U.S. vs. China: The Battle Continues
…and These 2 Currencies Are Winning

And here’s another thing that just ticked me off when I read it this morning.

Recently, several experts have been dissing China and dismissing the idea that China’s stimulus has been working. Last week, their words alone sent the Aussie dollar to the woodshed until this news had passed?

Well, talk about egg on their face! Here’s the skinny…

China’s manufacturing expanded for a fourth month in June. The official Purchasing Managers’ Index rose to a seasonally adjusted 53.2 in June from 53.1 in May. And just like here in the U.S. any reading above 50 is thought to show manufacturing is expanding. The manufacturing index in the U.S. is around 44, so we do have the tale of two economies.

In one corner, we have the Chinese who have spent about $585 billion worth of renminbi in stimulus, and are seeing the results. In the other corner, we have the U.S. who have spent more money than you can shake a stick at, and are not seeing green shoots like they “think they are,” instead they see dandelions, and weeds!

The currencies of Australia and New Zealand have responded positively to this news from China…

The Strange BRIC Story Continues…As the Rupee Flies!

And since I’m talking about China, might as well check on the other members of the BRIC’s (Brazil, Russia, India and China).

Brazil’s real just posted its best quarterly performance on record, and India was Asia’s 3rd best performing currency, and if you throw out the two currencies above India that are illiquid, South Korea, and Indonesia, India was the best performing currency in Asia in the second QTR…

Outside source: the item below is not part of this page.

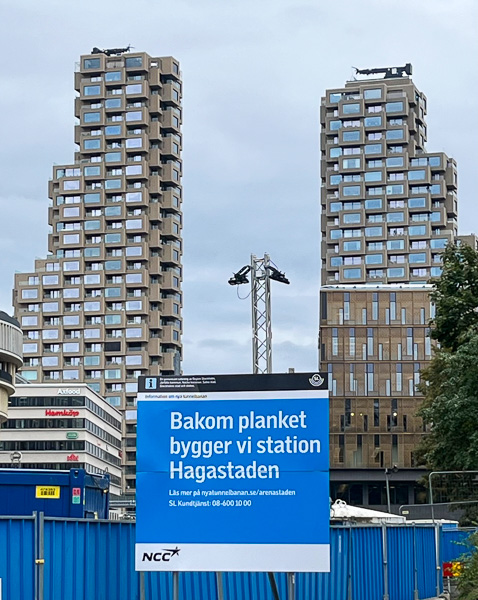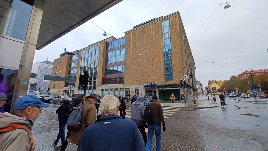 Med t-banan vidare till Rådmansgatan där dagens medarrangör Göran väntade och fika med tilltugg intogs vid den stora dammen söder om Asplunds skapelse Stadsbiblioteket. Vandringen fortsatte förbi Odenplan och Norrtullsgatan, vänstersväng på Vanadisvägen och genom Hagastaden som så småningom kommer omfatta 6 000 bostäder och 50 000 arbetsplatser.

And the people over at the Royal Bank of Scotland (RBS) believe that the rupee won’t stop here. RBS issued a research report calling for a record 11% gain by the rupee in the third quarter.

I bet this news is music to Ashish Advani’s ears – he’s my colleague and my co-pilot on my monthly newsletter, The Currency Capitalist. Ashish has been saying the rupee would be a strong performer for months now! In fact, he recommended the easiest way to buy the rupee almost two months ago! Members can see the full story in the May issue.

That’s it for today… I see that my little buddy, Alex, got second and third in backstroke and freestyle respectively at his latest swim meet. Really long time readers might recall when Alex’s older brother, Andrew was a highly decorated swimmer, and I would write about his swimming records. And their sister Dawn, also was a medal winner as a young girl! So it’s now up to our granddaughter, Delaney Grace to carry on the swimming tradition! HA! Cards lose again… Ugh!

Okay, let’s get on with this Wonderful Wednesday…shall we? Have a great one!